From the entries below, print exactly the span beginning with the line holding "Но, похоже, Death" and ending with the line holding "Handheld signs and", endpoints included, and skip any pictures.

Stored dataset items.
------------
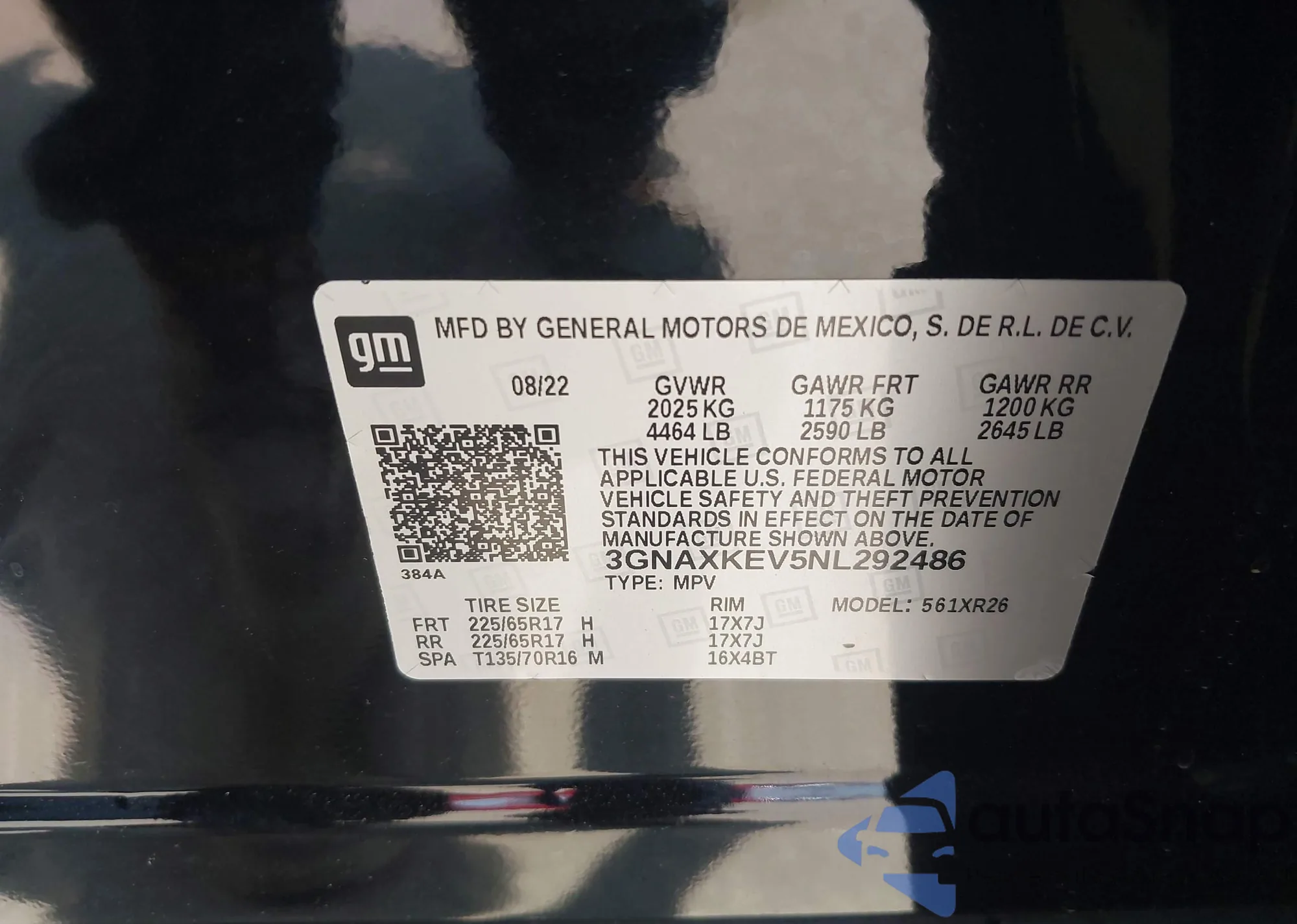 VIN: 3GNAXKEV5NL292486
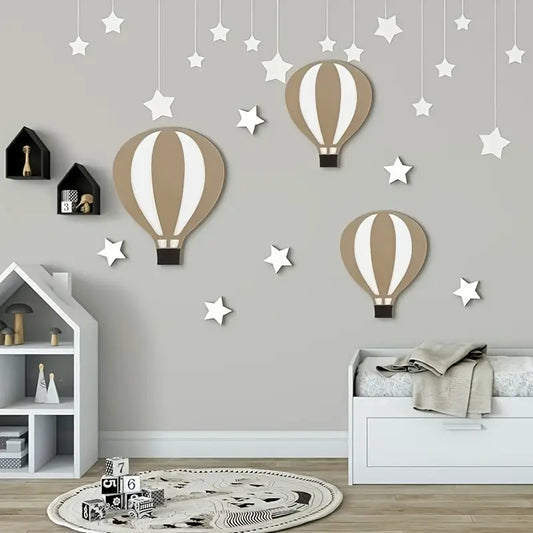 Stickers Muraux Montgolfières et Étoiles – Décoration Adhésive pour Salle de Classe ou Chambre d’Enfant
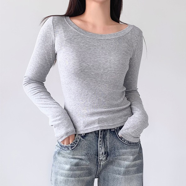 기모텐션 유넥티셔츠)U넥/긴팔티셔츠/폴리면/스판/기본티셔츠/긴소매/얇은기모면/베이직/기본티셔츠/흰색/브라운/회색/검정/밤색
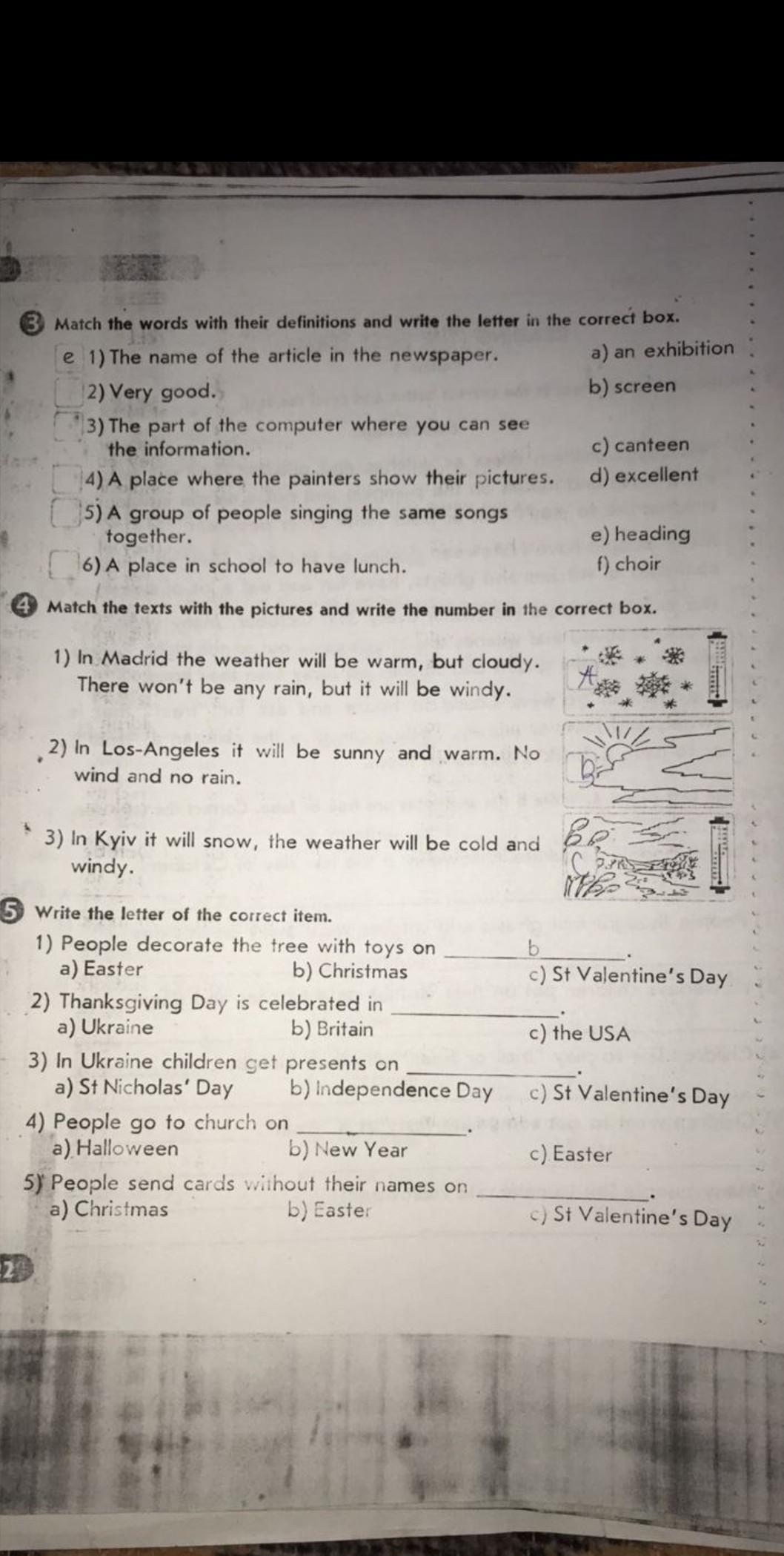 3. 1-e,2-d,3-b,4-a,5-f,6-c. 4. 1-c,2-b,3-a. 5. 1-b,2-c,3-a,4-c,5-c.
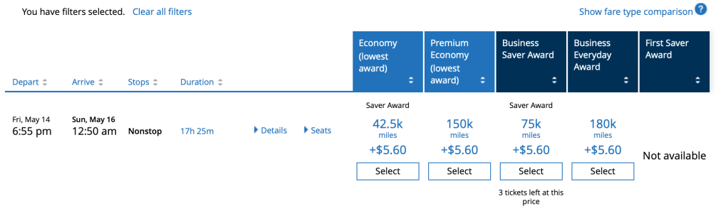 Award Availability: Unfortunately, saver award availability in business class in non-existent but economy is widely available, the lowest business class award on most dates starts at 95k.
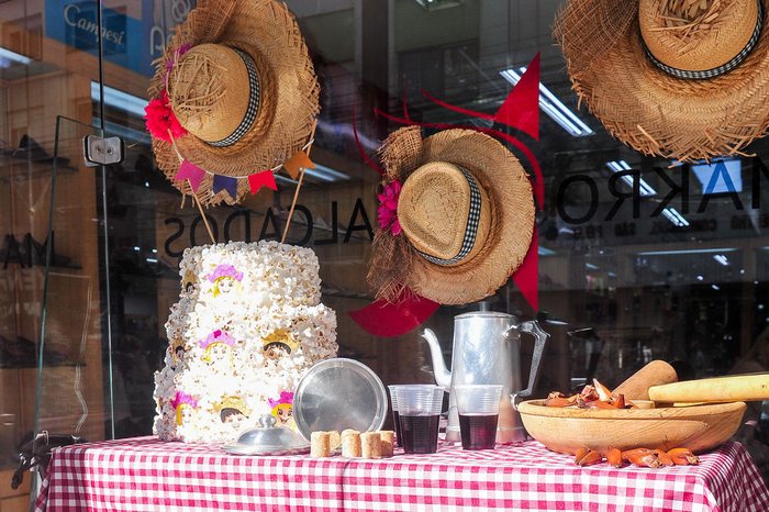 Não esqueça de caprichar na vitrine junina da sua loja, porque é a primeira coisa que o cliente irá notar. Então neste São João, utilize a decoração de festa junina para vitrine de loja, coloque objetos que se destacam e que já estejam em evidência dentro da loja, como os itens citados acima. Veja um exemplo:
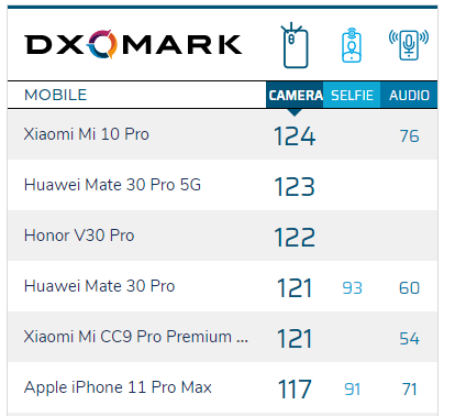 ▼これまでDxOMarkのカメラスコアは123点が最高得点で、それまではHUAWEIのMate 30 Proが首位に立っていました。Xiaomi Mi 10 Proが出るまでは。↓
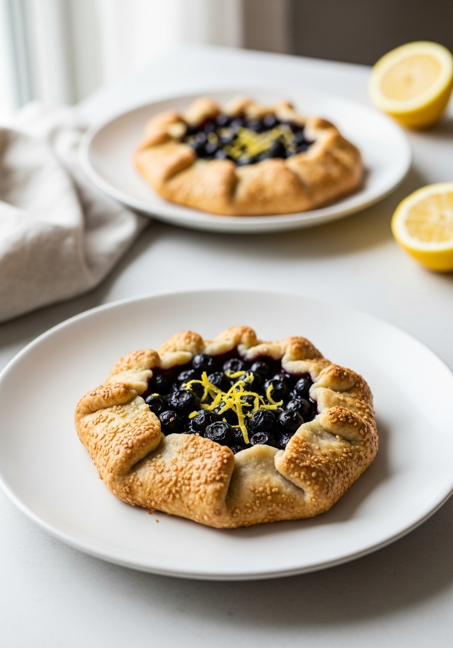 In a mixing bowl, combine ¼ cup of monk fruit or sugar with lemon zest and flour, whisking them together. Gently fold in the blueberries along with the lemon juice, ensuring they are well coated; allow this mixture to rest for 15 minutes.
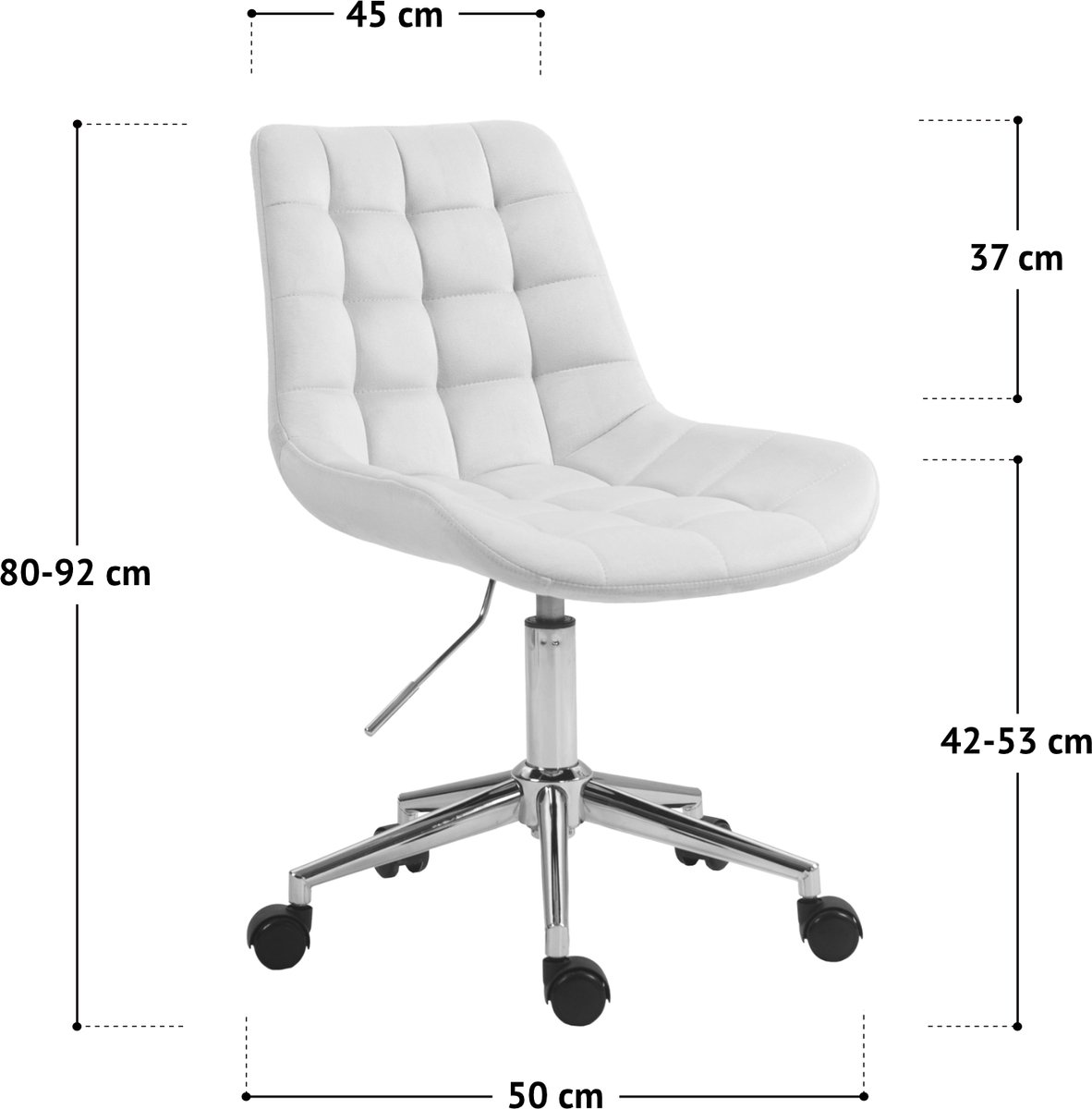 De totale afmetingen zijn ca. 50 x 54 x 80–92 cm (B x D x H) en het gewicht is ongeveer 6,7 kg (source: listing, checked 2025). Door het lichte gewicht is de stoel eenvoudig te verplaatsen, maar houd er rekening mee dat lichtere constructies soms minder massief ogen dan zwaardere bureaustoelen. De basis heeft geruisloze wielen en een 360° draaimechanisme, wat soepel bewegen rond het bureau mogelijk maakt zonder de vloer te beschadigen.
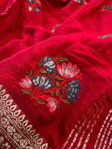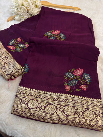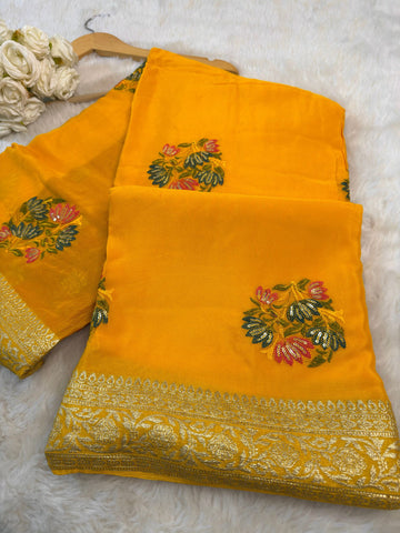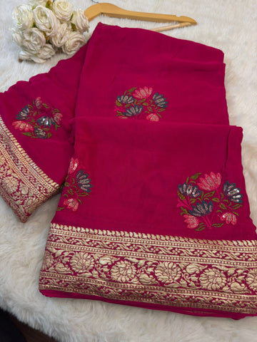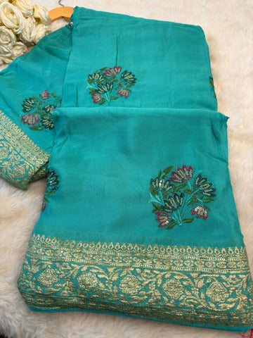 ✨ Chinon Silk Saree with Floral Zari Border & Sequin Embroidery
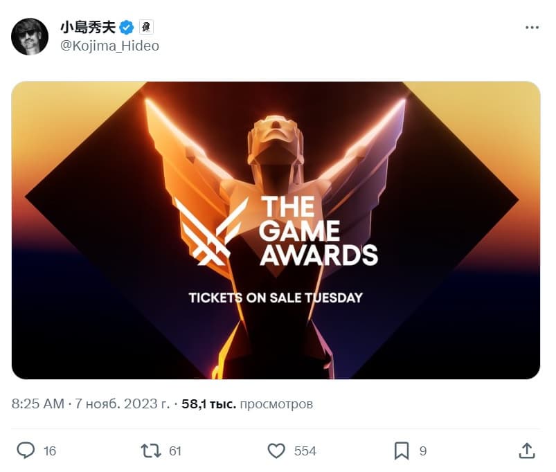 Но, похоже, Death Stranding 2 представят на церемонии The Game Awards. Хидео Кодзима явно хочет, чтобы его подписчики следили за торжественным мероприятием, которое назначено на начало декабря.
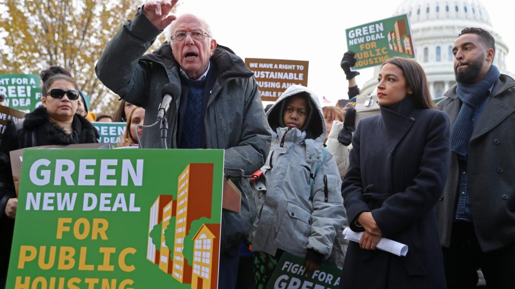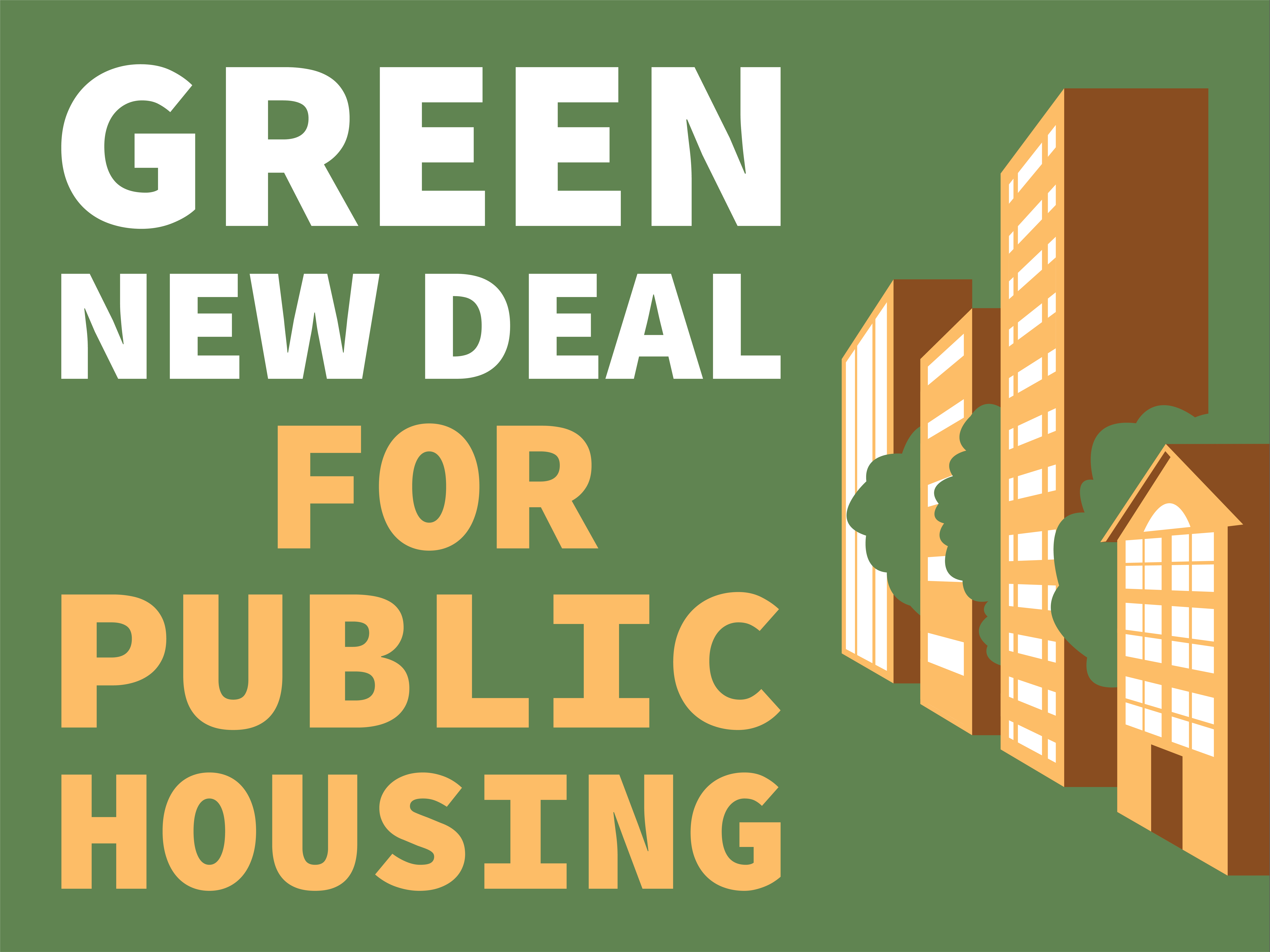 Handheld signs and podium sign designed for Alexandria Ocasio-Cortez and Bernie Sanders' launch of their Public Housing bill. Assigned to me through the Sunrise Movement.
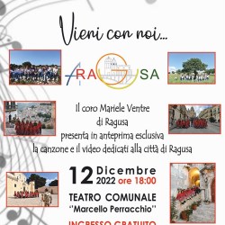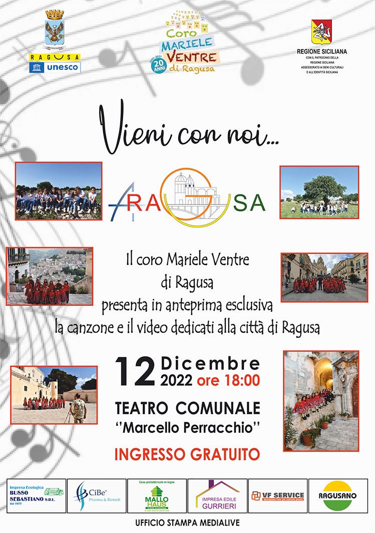 RAGUSA – E’ tutto pronto per il lancio del progetto di promozione territoriale immaginato dal Coro Mariele Ventre di Ragusa, diretto da Giovanna Guastella con la realizzazione di un video che racconta Ragusa e le sue bellezze seguendo il ritmo e le note di una bellissima canzone che ne esalta le peculiarità, naturalmente cantata dai piccoli coristi. “A Ragusa”, questo il titolo del brano scritto da Alessandro Visintainer e Valeria Bolani, con la consulenza di Adriana Vernuccio e di Giovanna Guastella è infatti divenuto un videoclip con la regia di Giovanni Corallo e sarà presentato ufficialmente questo lunedì 12 dicembre alle ore 18 al Teatro Marcello Perracchio di Ragusa.
------------
SOLVED PROBLEM.
 Но, похоже, Death Stranding 2 представят на церемонии The Game Awards. Хидео Кодзима явно хочет, чтобы его подписчики следили за торжественным мероприятием, которое назначено на начало декабря.
 Handheld signs and podium sign designed for Alexandria Ocasio-Cortez and Bernie Sanders' launch of their Public Housing bill. Assigned to me through the Sunrise Movement.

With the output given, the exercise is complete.